These would include things like:
- trying to recreate a school classroom experience in your home
- choosing curriculum based on what is most popular or what that "ideal homeschool mom" is using
- zealously separating "school and educational experiences" from real life in your family
- assuming that everything that goes wrong, or every flaw you see in your child's training or character, is the fault of his or her being homeschooled
- insistence on complete mastery of every lesson in every subject for every child
- signing up for every class, field trip, club, sport, etc. so your child won't be "unsocialized"
- OR withdrawing from all interaction with other people because of potential negative influences on our children
- ignoring the benefits and encouragement that come from networking with other homeschooling parents, either locally or in online communities, and being a "lone ranger"

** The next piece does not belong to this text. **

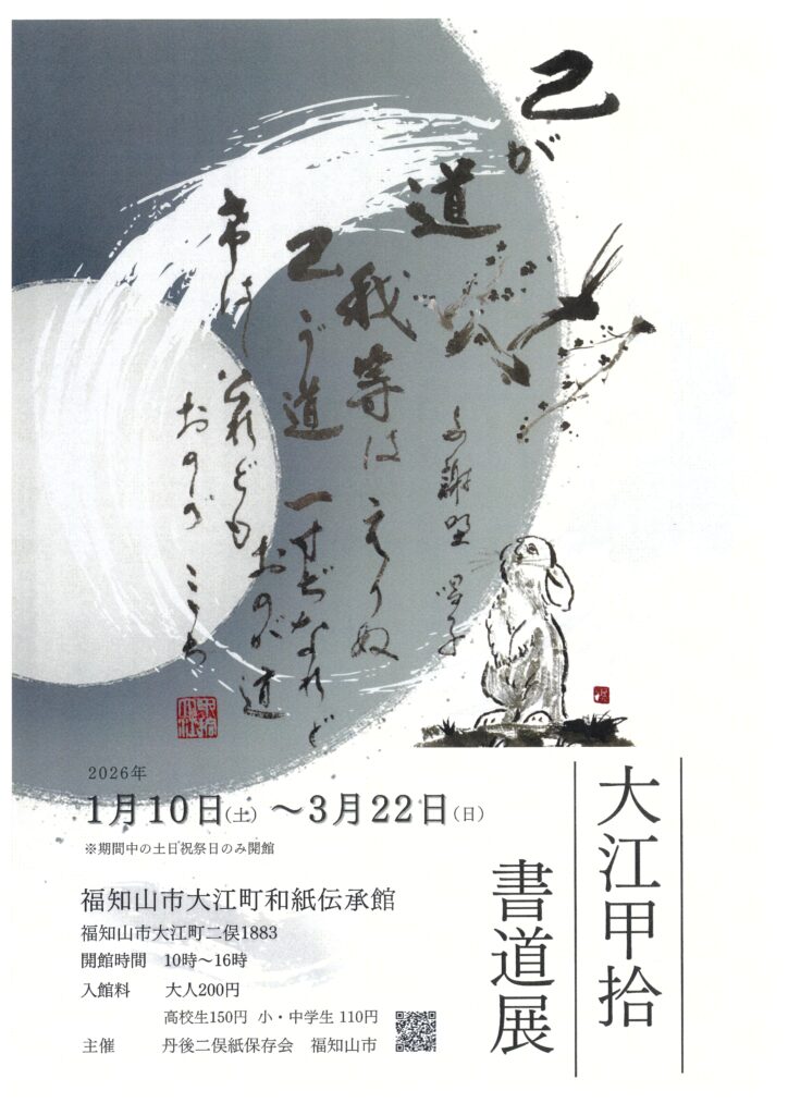 大江甲拾書道展 2026年1月5日 最終更新日時 : 2026年1月5日 kamioni-ooe 1月10日(土)より、大江町二俣の和紙伝承館にて書道展が開催されます。 詳細はチラシ画像をご確認ください。 Follow me!

- assuming that everyone else does this homeschooling thing perfectly, and you alone are a failure at discipline... lesson planning... organization...family discipleship...record keeping...parenting teens...etc.

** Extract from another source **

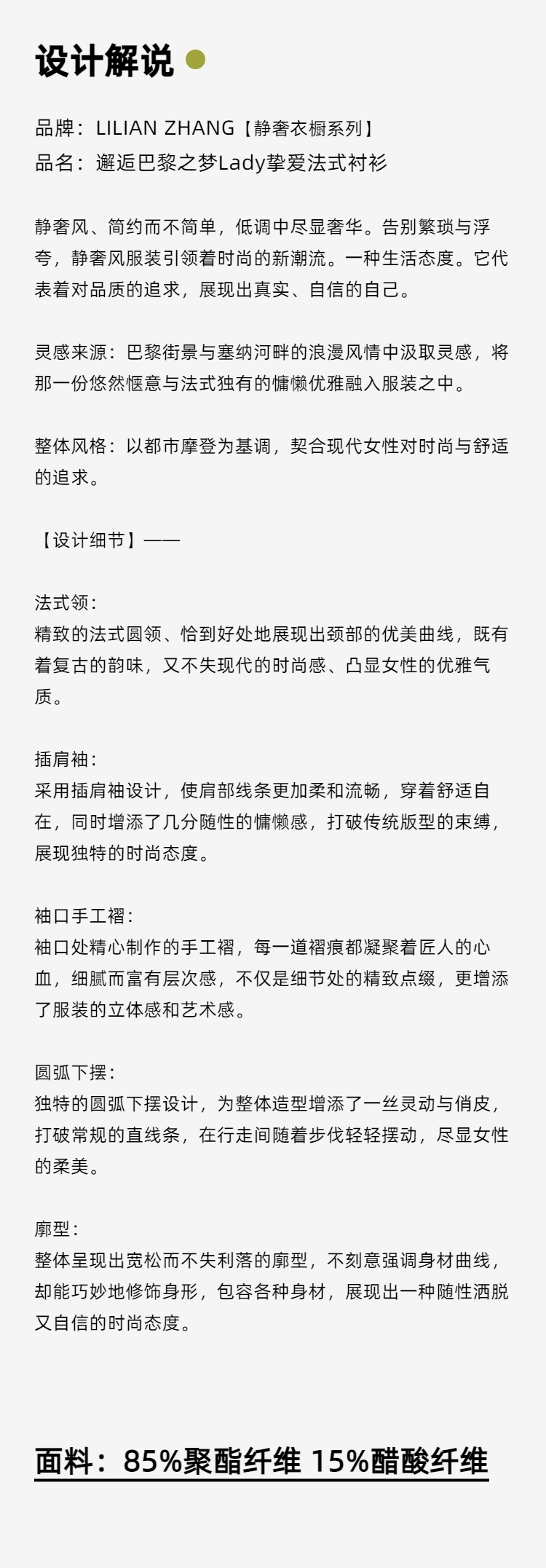 - LILIAN ZHANG ,创立于2008年,为 ARMANI 等国际品牌设计创作时装。 LILIAN ZHANG 坚持原创设计、坚持立体剪裁、坚持颠覆奢侈品价格、坚持简约经典 ,深受时尚女性喜爱。

We live in a society that reveres experts. We need experts to paint our homes, fix our cars, plan our menus, file our taxes, cut our hair, decorate our rooms, plan our weddings, fertilize our lawns, and groom our dogs.

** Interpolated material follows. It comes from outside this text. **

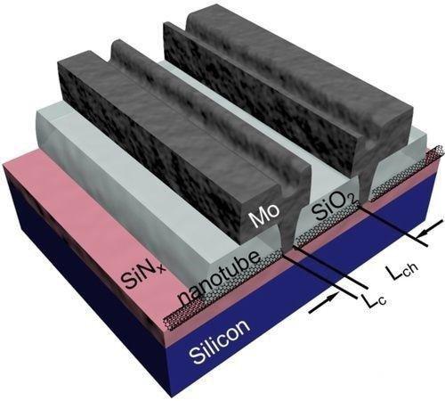 Doherty对于IBM的“焊接”技术印象深刻,认为这将为IBM带来竞争优势。其方式是在碳纳米管自对准于晶体管通道以前,以钼涂布碳纳米管两端。然后加热整个组装至华氐1,562?850℃而完成“焊接”过程,从而熔融钼并转化成为碳化物——一种可制作出优质埃级触点的导体
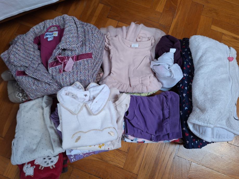 6 haljina, 4 majca kratkih, 6 majce duge, 1 bodi, 3 hlače duge, 2 kratke hlače, 3 veste, hudica, jakna zimska, 2 jaknice, 2 štrample.

People today seem to feel inadequate for just about everything - just look at the self-help section of the nearest book store! There are books to teach us how to stimulate the minds of our toddlers, keep our children from getting fat, talk to to our teens about sex, and get our kids into the best colleges. We read books telling us how to read the Bible. We listen to radio programs telling us how to manage our money. We watch TV shows telling us how to dress stylishly. We look to "experts" to tell us how to have a good marriage or be a good parent. Of course, only a trained expert could possibly raise and educate a child properly. Right?
Right?
If we go back about, oh, maybe 50 years, I think we'd find that all these things (and a good many more ) were handled at home ... by a "regular person".... who didn't have a whole lot of specialized training, but maybe had helped his or her mom or dad do those things in the past, or maybe even figured things out on their own. There was something called "the pioneer spirit", which caused people to believe that they could do things they had never done before... and succeed...even overcoming extreme difficulties and obstacles to do so!
How often does fear cause us to hand over the most important things in our lives to others, because they can "do it better"? Feelings of inadequacy can cripple us. They can cause us to cave in under pressure. They can distort reality.
It is also possible for feelings of inadequacy to be a blessing when they drive us into a greater dependence on God, our Creator! Pastor Charles Stanley has an article called "Inadequacy: A Barrier or a Blessing?" that explores this very thing.
I am an Inadequate Homeschooler. But I rejoice that I have the Holy Spirit living within me, who gives me the power to do all that God would have me accomplish. I do not have to rely on my own feeble strength.
Ephesians 3:16-21I pray that out of his glorious riches he may strengthen you with power through his Spirit in your inner being, so that Christ may dwell in your hearts through faith. And I pray that you, being rooted and established in love, may have power, together with all the saints, to grasp how wide and long and high and deep is the love of Christ, and to know this love that surpasses knowledge—that you may be filled to the measure of all the fullness of God.